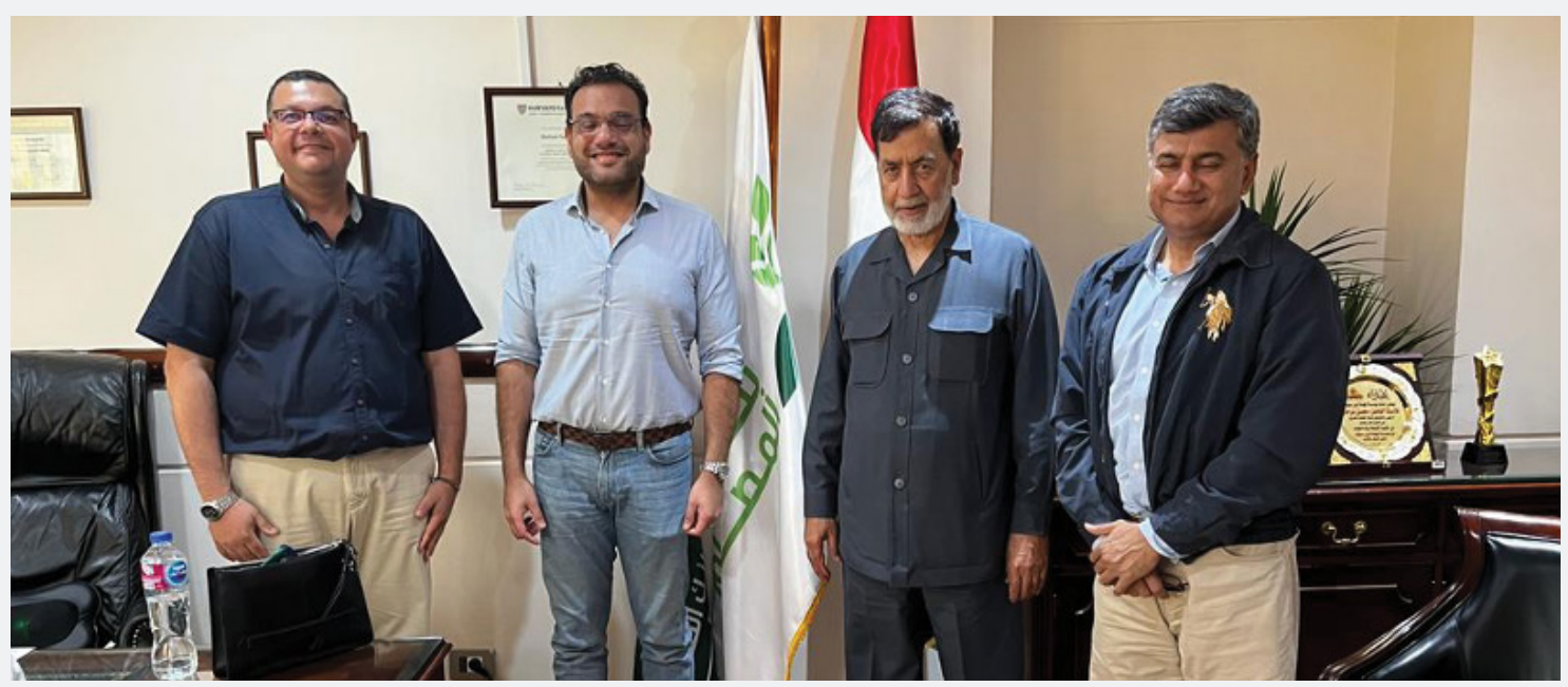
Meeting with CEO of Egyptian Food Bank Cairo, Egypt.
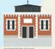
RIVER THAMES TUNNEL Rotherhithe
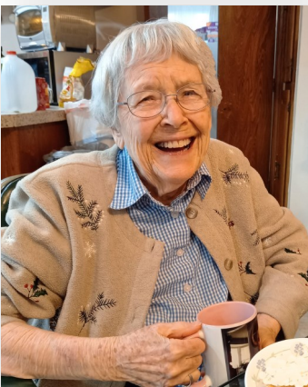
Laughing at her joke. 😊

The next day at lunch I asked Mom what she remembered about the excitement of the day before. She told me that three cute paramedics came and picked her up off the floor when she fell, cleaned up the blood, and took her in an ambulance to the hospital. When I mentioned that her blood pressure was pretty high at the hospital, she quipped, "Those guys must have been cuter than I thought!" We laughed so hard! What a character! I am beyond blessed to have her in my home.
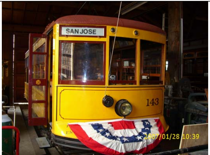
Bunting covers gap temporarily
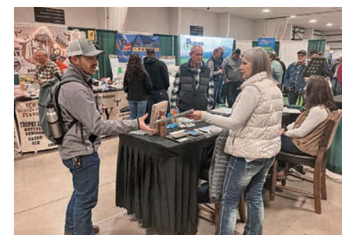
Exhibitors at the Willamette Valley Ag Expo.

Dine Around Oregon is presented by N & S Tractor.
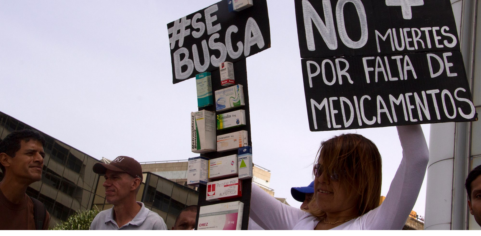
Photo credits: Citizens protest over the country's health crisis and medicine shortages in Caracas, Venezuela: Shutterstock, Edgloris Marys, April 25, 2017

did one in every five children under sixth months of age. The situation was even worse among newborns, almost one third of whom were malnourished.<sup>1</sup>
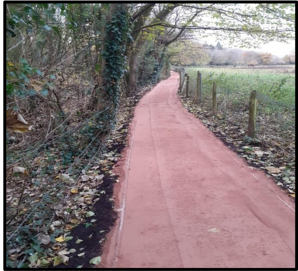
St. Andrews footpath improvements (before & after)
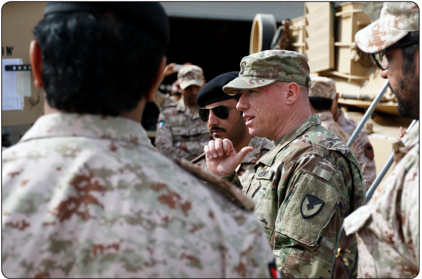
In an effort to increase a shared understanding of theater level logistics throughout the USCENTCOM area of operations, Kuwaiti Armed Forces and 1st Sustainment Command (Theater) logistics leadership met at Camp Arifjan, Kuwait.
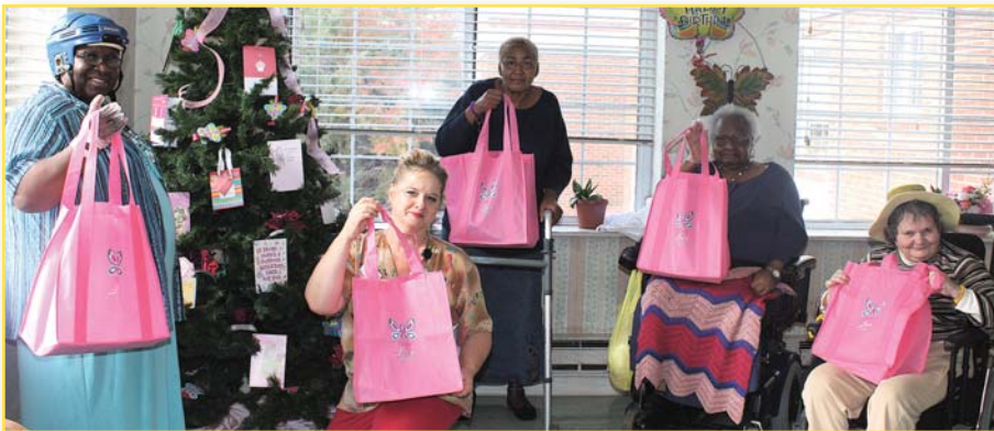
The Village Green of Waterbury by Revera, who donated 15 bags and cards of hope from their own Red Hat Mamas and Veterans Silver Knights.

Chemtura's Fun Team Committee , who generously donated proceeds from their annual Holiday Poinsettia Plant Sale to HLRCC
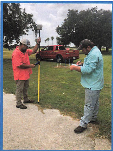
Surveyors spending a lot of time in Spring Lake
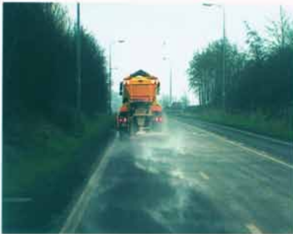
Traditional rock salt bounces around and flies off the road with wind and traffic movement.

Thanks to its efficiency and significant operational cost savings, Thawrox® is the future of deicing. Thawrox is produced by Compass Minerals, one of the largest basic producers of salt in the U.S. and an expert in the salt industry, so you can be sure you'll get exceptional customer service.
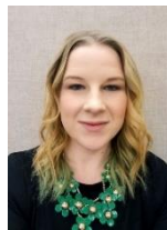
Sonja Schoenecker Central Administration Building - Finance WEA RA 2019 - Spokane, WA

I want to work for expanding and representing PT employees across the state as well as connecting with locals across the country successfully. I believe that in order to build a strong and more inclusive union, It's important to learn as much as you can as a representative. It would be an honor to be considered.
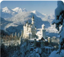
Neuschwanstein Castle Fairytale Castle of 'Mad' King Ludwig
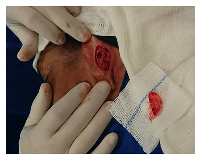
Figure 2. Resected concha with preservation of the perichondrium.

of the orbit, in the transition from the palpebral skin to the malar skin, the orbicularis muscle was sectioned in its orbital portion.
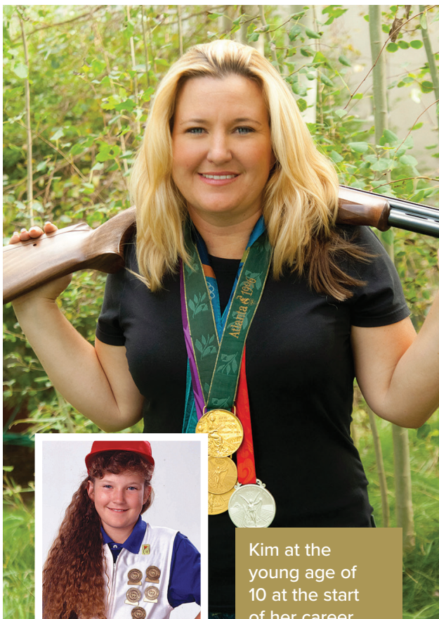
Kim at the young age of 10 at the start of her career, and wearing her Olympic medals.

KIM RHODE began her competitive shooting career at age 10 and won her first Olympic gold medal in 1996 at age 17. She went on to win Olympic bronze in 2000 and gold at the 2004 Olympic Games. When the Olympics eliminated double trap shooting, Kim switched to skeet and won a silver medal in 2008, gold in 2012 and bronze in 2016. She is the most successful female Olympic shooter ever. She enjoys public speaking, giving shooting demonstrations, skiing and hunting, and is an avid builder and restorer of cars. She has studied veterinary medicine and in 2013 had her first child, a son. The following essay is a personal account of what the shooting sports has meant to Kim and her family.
---
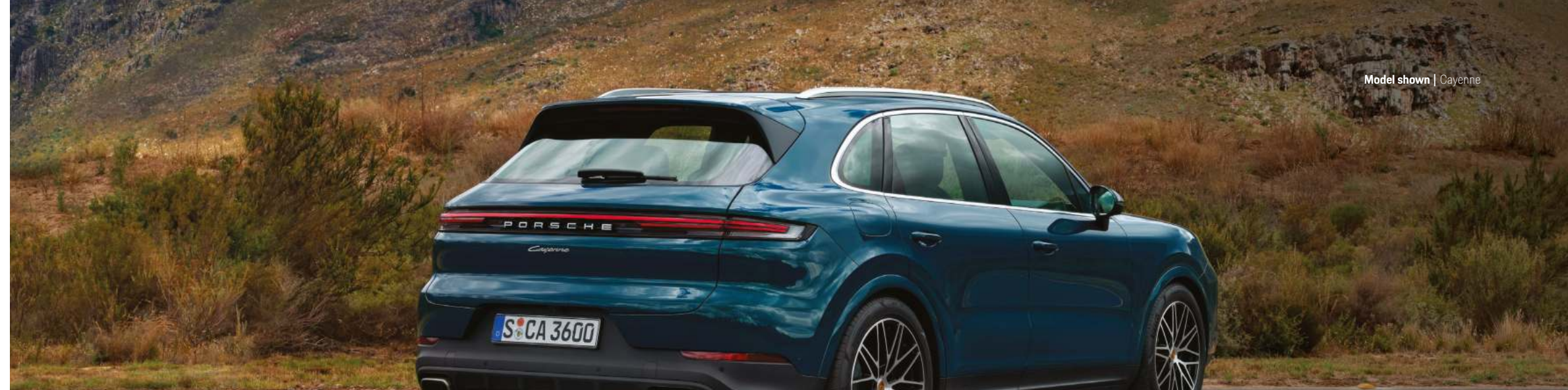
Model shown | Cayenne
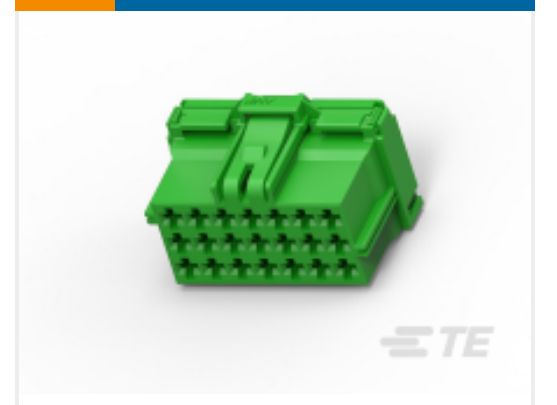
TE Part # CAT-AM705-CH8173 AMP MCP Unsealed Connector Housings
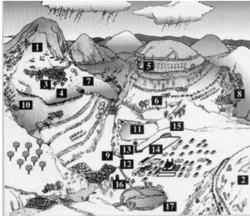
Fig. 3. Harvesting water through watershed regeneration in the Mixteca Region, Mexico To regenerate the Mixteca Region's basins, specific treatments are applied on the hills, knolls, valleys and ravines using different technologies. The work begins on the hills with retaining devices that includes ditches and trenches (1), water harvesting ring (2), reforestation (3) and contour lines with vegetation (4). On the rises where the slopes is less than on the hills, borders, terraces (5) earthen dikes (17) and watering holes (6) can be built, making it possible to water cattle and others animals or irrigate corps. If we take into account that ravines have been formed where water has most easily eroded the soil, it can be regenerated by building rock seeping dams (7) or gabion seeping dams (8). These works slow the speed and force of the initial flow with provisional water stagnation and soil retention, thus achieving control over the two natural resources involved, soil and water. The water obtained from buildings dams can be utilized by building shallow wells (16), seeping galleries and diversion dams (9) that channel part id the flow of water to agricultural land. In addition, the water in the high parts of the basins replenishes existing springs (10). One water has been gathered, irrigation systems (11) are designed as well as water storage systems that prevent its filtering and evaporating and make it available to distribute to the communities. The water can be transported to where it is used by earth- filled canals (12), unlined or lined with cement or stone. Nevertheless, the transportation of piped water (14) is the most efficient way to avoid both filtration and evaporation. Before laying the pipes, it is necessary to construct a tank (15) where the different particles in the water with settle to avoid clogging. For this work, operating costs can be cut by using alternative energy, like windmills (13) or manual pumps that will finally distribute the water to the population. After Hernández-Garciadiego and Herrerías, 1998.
--
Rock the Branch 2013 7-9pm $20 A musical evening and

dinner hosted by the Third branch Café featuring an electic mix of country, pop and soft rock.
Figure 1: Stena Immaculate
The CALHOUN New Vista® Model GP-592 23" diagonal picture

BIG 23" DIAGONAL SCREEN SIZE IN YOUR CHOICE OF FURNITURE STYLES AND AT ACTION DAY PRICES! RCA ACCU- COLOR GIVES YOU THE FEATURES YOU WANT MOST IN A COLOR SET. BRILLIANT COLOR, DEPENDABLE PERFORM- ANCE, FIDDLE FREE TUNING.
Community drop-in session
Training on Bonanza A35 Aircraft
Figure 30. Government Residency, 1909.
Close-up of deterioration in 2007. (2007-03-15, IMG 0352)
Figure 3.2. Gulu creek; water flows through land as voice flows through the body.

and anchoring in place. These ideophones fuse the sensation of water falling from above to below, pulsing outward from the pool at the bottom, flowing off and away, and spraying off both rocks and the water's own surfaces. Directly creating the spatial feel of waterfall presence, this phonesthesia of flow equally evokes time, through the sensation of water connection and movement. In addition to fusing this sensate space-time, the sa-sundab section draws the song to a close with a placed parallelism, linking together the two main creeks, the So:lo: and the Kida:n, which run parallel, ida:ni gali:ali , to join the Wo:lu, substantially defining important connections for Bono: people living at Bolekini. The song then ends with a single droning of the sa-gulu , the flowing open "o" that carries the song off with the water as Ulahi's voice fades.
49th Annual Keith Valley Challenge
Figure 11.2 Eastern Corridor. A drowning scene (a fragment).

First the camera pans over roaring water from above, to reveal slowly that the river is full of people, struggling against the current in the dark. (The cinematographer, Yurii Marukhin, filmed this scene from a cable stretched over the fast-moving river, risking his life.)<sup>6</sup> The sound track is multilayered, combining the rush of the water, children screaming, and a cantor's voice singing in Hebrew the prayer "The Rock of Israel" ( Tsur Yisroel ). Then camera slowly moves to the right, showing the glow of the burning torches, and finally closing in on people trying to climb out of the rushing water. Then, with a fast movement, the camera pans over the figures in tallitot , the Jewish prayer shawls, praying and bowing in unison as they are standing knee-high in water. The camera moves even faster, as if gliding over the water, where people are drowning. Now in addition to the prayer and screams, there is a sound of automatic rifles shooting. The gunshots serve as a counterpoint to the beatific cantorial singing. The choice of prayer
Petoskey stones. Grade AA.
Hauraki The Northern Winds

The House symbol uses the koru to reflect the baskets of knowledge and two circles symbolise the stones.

Aim of the task. Whenever the word "their" occurs in a line of the records, that line counts toward the total; state the total only.

Solution below. 2